→ **Data shown**
..............................

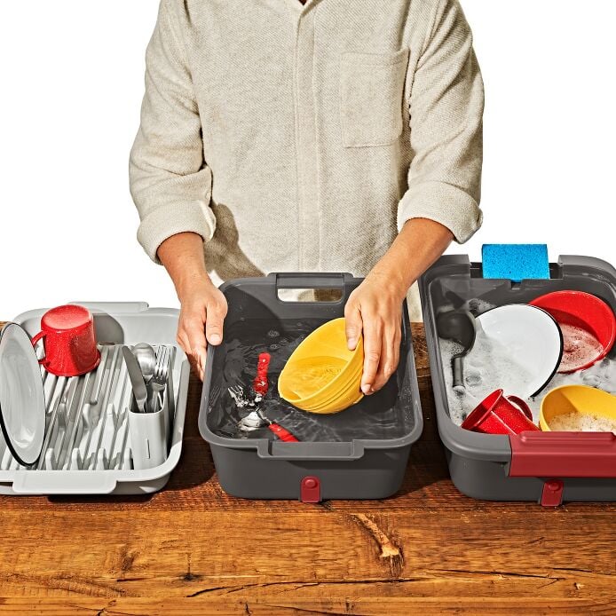With only two basins, this is useless for correct camping sanitation. I would have to buy a third bin in order to properly clean my dishes. Why would you sell this without the ability to comply with sanitary standards?
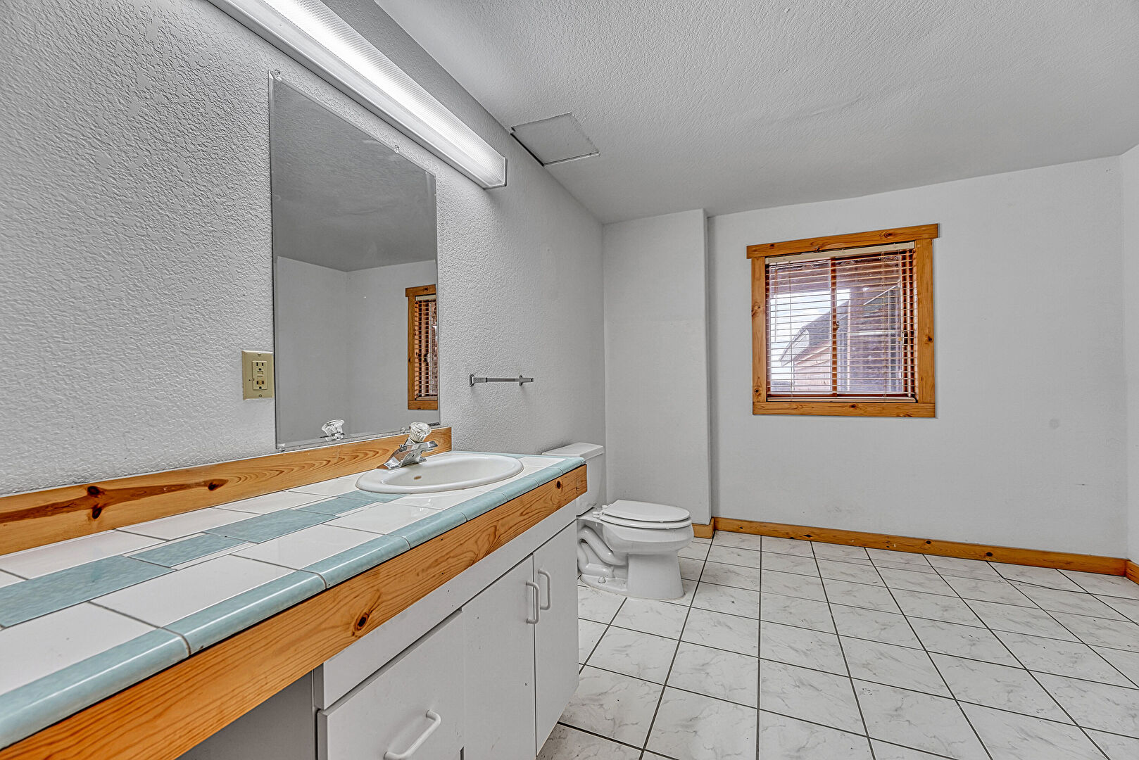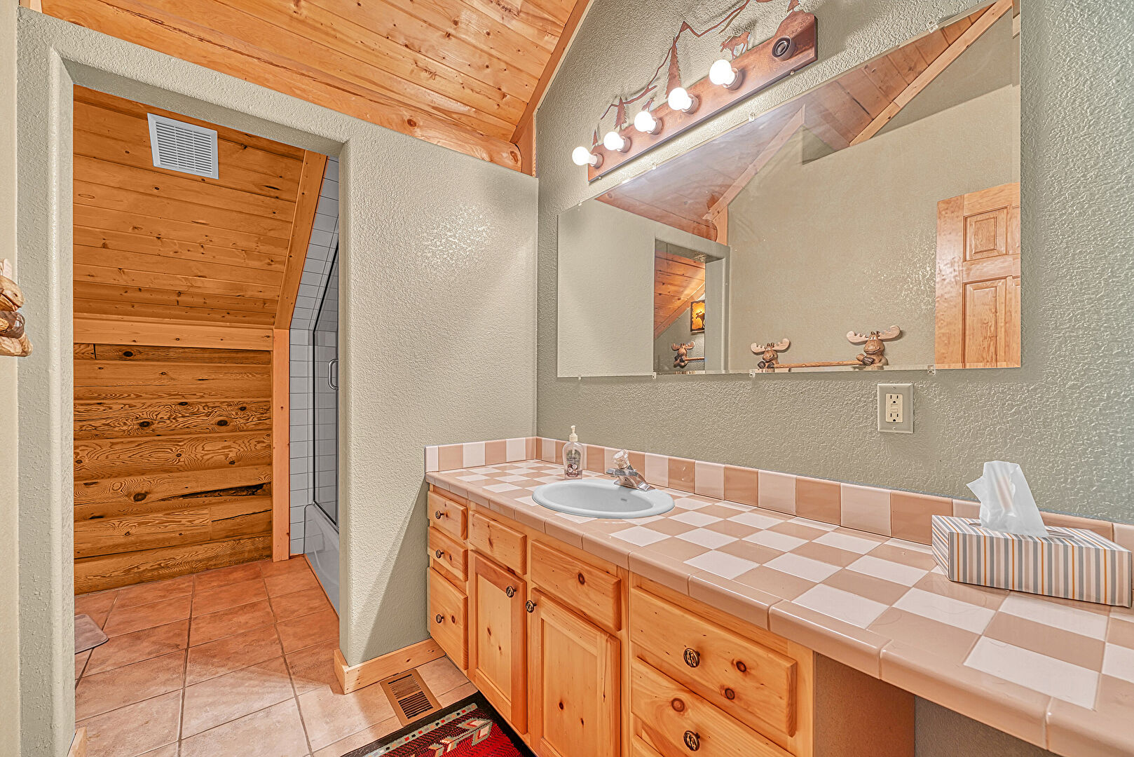 Baseboards Wall, Combined Bath Shower, Ensuite Bathroom, Full Bathroom, Natural Light, Textured Ceiling, Textured Wall, Tile Floor, Vanity, Vaulted Ceiling, Vent, Wood Ceiling, Half Bathroom, Textured Wall, Tile Floor, Vanity, Vent
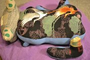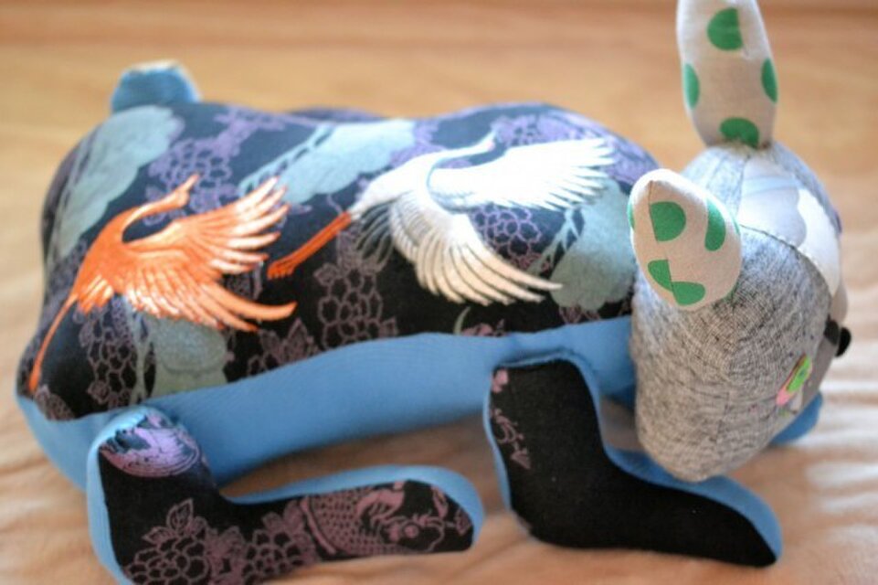 背中の刺繍の鶴がインパクト大の和モダンなぬいぐるみです。
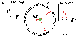 それでは、この中性子非弾性散乱はどのように測定するのか。一言で言えば試料となる物質に中性子ビームを当て、その時のエネルギーのやり取りにより中性子速度の変化(速度が変化すれば当然波長も変化する)を測定するのですが、その方法には大きく分けて3つあります。
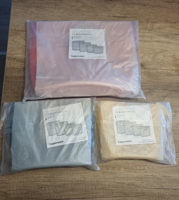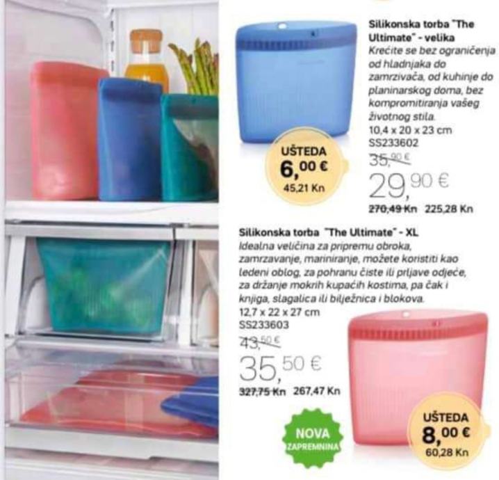 XL, L i S veličina. Tri super multifunkcionalne silikonske torbice po super cijeni u setu - 60 eura i častim sa besplatnom poštarinom. Na drugoj slici je detaljan opis za što se mogu koristiti - vodonepropusne, mikrovalna, pećnica, kuhanje, zamrzavanje, hladnjak, pranje u perilici....
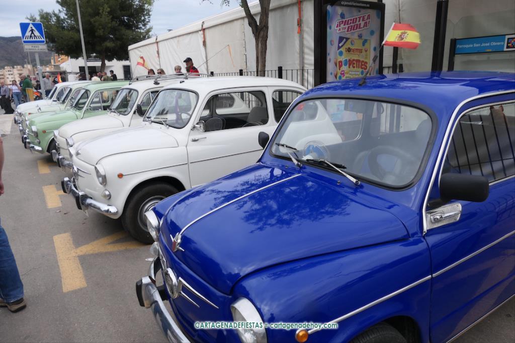 Frente al recinto de las fiestas han estacionado coches cargados de recuerdos y vivencias, dominando el Seat 600. Además, por citar otros ejemplos, los Renault 4, 5 y 8, los Seat 850, 124 y 127, el 'dos caballos', el 'escarabajo' etc., además de otros incluso más antiguos y un isocarro.
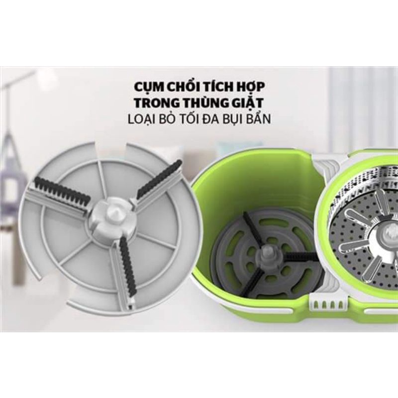 Bên trong thùng giặt có 1 lồng vắt bằng inox chống han gỉ và giúp dễ dàng vắt khô nước của bông lau nhờ cơ chế vắt ly tâm và thiết kế lỗ thoát tiện dụng.
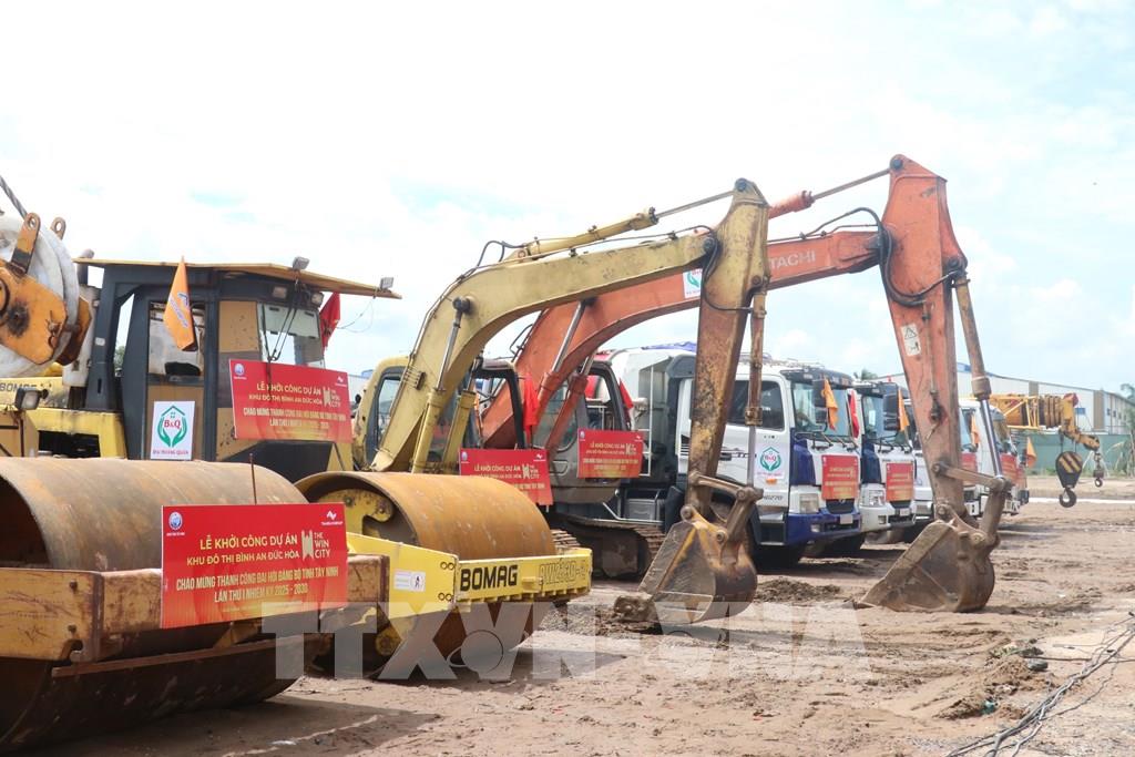 Lãnh đạo tỉnh Tây Ninh cùng các đại biểu thực hiện nghi thức khởi công dự án. Ảnh: Bùi Giang - TTXVN  Chủ tịch UBND tỉnh Tây Ninh Nguyễn Văn Út phát biểu tại lễ khởi công. Ảnh: Bùi Giang - TTXVN
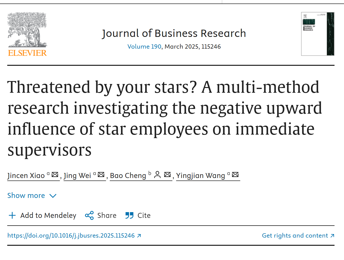受教育部人文社科青年基金资助,肖金岑副教授课题组已发表2篇SSCI一区和1篇CSSCI论文。作为基金项目的又一成果,该研究探讨了企业管理中的明星员工相关管理问题,在压力评估理论的基础上,通过多方法设计(情景实验+多源时滞调查),发现明星员工是管理者的一种工作压力源,当管理的被信任感偏低时,会触发管理者的地位威胁知以及相应的自我保护行为。这一发现打破了传统的沿着组织层级“从上往下”(管理者→员工)的固有认知,为理解组织管理中管理者和员工的复杂动态影响提供了新视角。
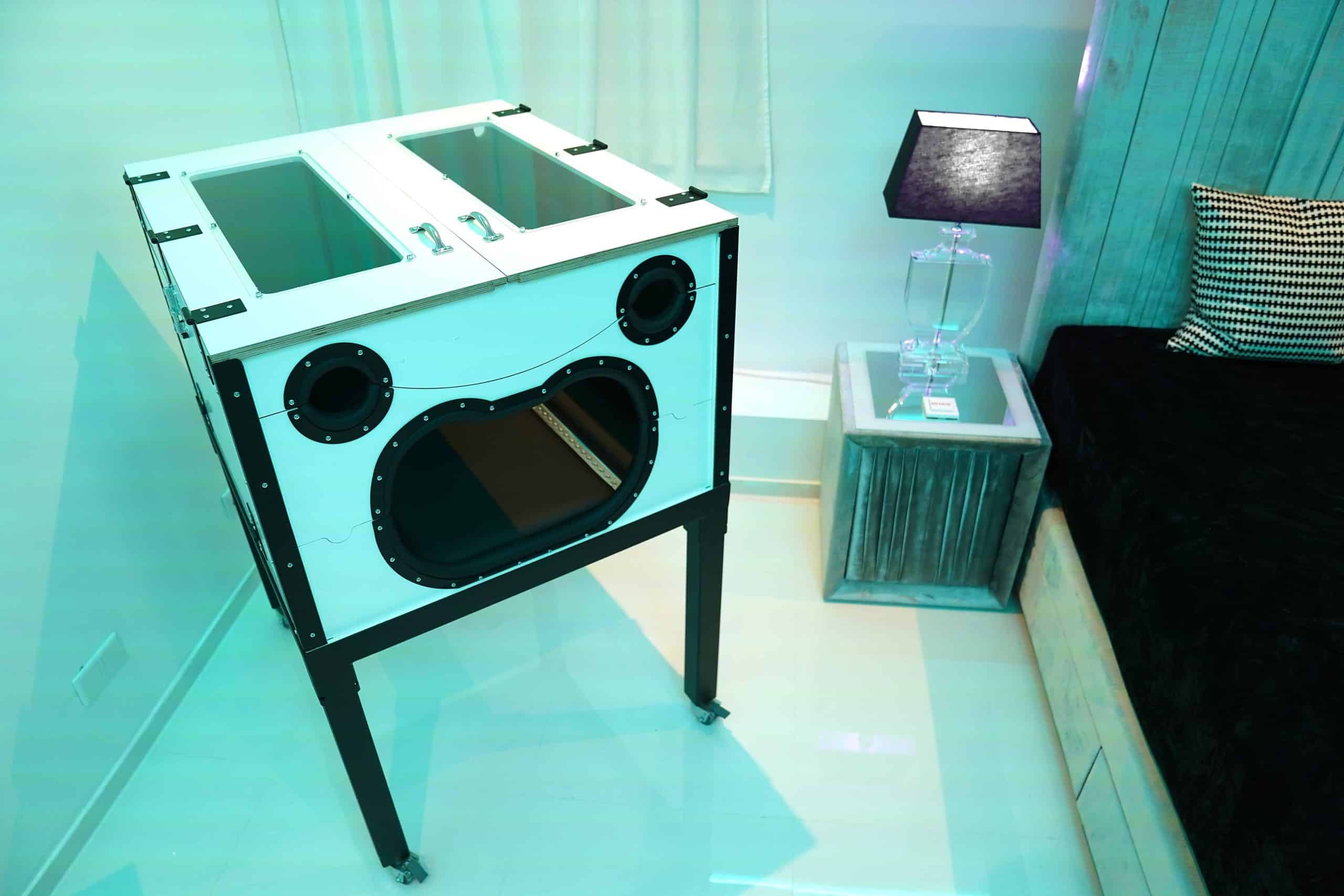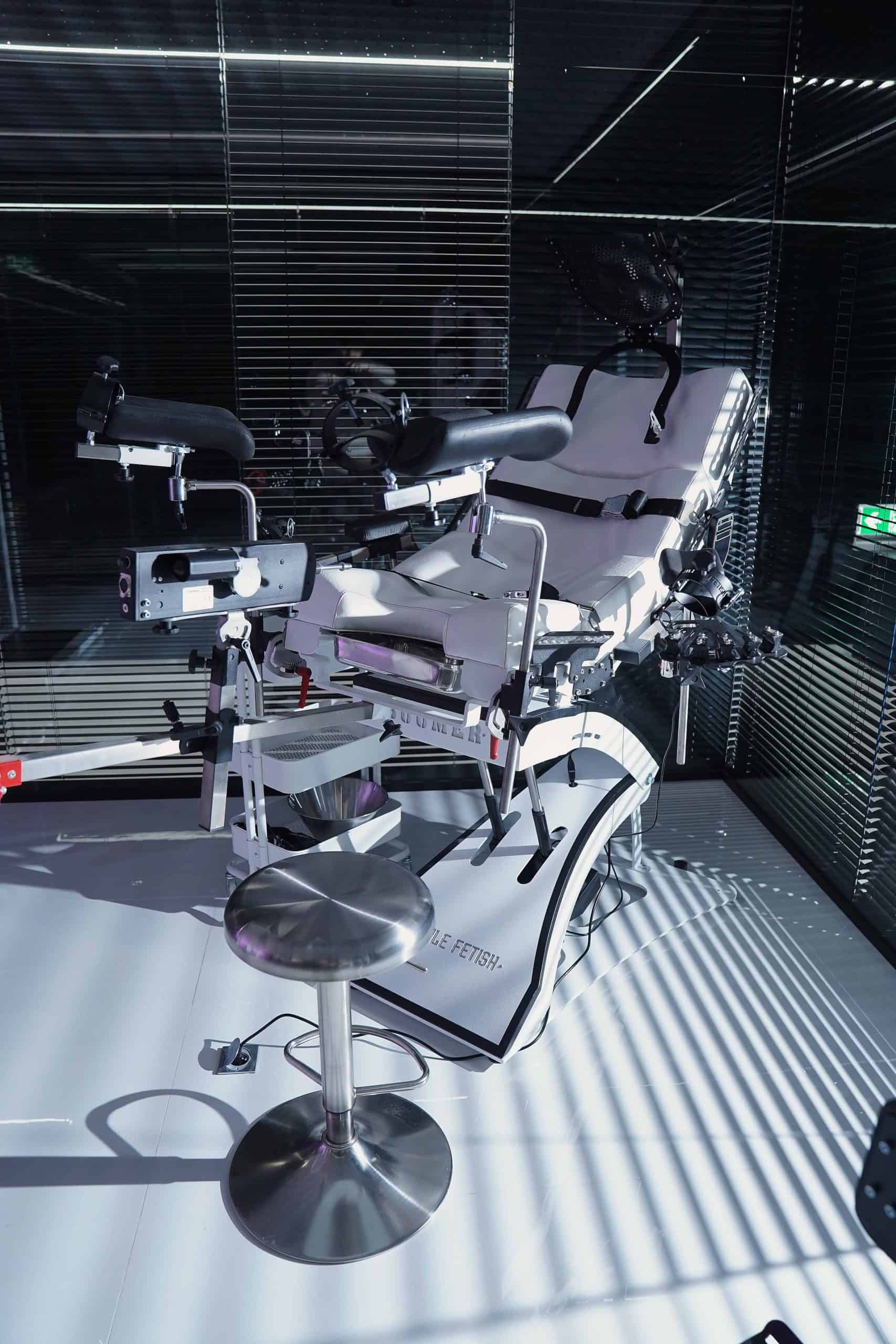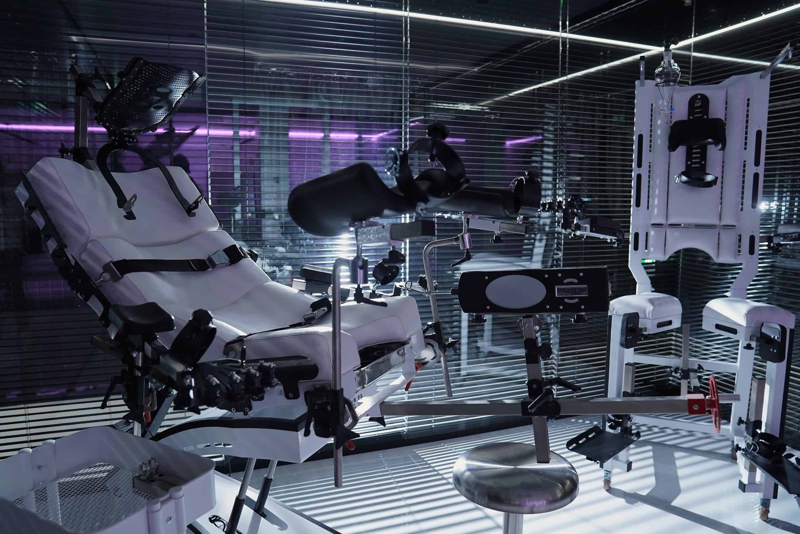 Das technologische Highlight ist zweifellos das elektrische Andreaskreuz “Armageddon II”. Mit seinen elektronischen Steuerungselementen hebt es Fixierung auf ein neues Level. Flankiert wird es von der Elite der BDSM-Möbel: Dem Gynstuhl “Boomer” (Neue Generation) und dem massiven Sklavenstuhl “Warlord”.

..............................

→ **Description of the task**
Restate all of the material word for word. Keep out every picture.

→ **Answer space**
With only two basins, this is useless for correct camping sanitation. I would have to buy a third bin in order to properly clean my dishes. Why would you sell this without the ability to comply with sanitary standards?
 Baseboards Wall, Combined Bath Shower, Ensuite Bathroom, Full Bathroom, Natural Light, Textured Ceiling, Textured Wall, Tile Floor, Vanity, Vaulted Ceiling, Vent, Wood Ceiling, Half Bathroom, Textured Wall, Tile Floor, Vanity, Vent
 背中の刺繍の鶴がインパクト大の和モダンなぬいぐるみです。
 それでは、この中性子非弾性散乱はどのように測定するのか。一言で言えば試料となる物質に中性子ビームを当て、その時のエネルギーのやり取りにより中性子速度の変化(速度が変化すれば当然波長も変化する)を測定するのですが、その方法には大きく分けて3つあります。
 XL, L i S veličina. Tri super multifunkcionalne silikonske torbice po super cijeni u setu - 60 eura i častim sa besplatnom poštarinom. Na drugoj slici je detaljan opis za što se mogu koristiti - vodonepropusne, mikrovalna, pećnica, kuhanje, zamrzavanje, hladnjak, pranje u perilici....
 Frente al recinto de las fiestas han estacionado coches cargados de recuerdos y vivencias, dominando el Seat 600. Además, por citar otros ejemplos, los Renault 4, 5 y 8, los Seat 850, 124 y 127, el 'dos caballos', el 'escarabajo' etc., además de otros incluso más antiguos y un isocarro.
 Bên trong thùng giặt có 1 lồng vắt bằng inox chống han gỉ và giúp dễ dàng vắt khô nước của bông lau nhờ cơ chế vắt ly tâm và thiết kế lỗ thoát tiện dụng.
 Lãnh đạo tỉnh Tây Ninh cùng các đại biểu thực hiện nghi thức khởi công dự án. Ảnh: Bùi Giang - TTXVN  Chủ tịch UBND tỉnh Tây Ninh Nguyễn Văn Út phát biểu tại lễ khởi công. Ảnh: Bùi Giang - TTXVN
受教育部人文社科青年基金资助,肖金岑副教授课题组已发表2篇SSCI一区和1篇CSSCI论文。作为基金项目的又一成果,该研究探讨了企业管理中的明星员工相关管理问题,在压力评估理论的基础上,通过多方法设计(情景实验+多源时滞调查),发现明星员工是管理者的一种工作压力源,当管理的被信任感偏低时,会触发管理者的地位威胁知以及相应的自我保护行为。这一发现打破了传统的沿着组织层级“从上往下”(管理者→员工)的固有认知,为理解组织管理中管理者和员工的复杂动态影响提供了新视角。
 Das technologische Highlight ist zweifellos das elektrische Andreaskreuz “Armageddon II”. Mit seinen elektronischen Steuerungselementen hebt es Fixierung auf ein neues Level. Flankiert wird es von der Elite der BDSM-Möbel: Dem Gynstuhl “Boomer” (Neue Generation) und dem massiven Sklavenstuhl “Warlord”.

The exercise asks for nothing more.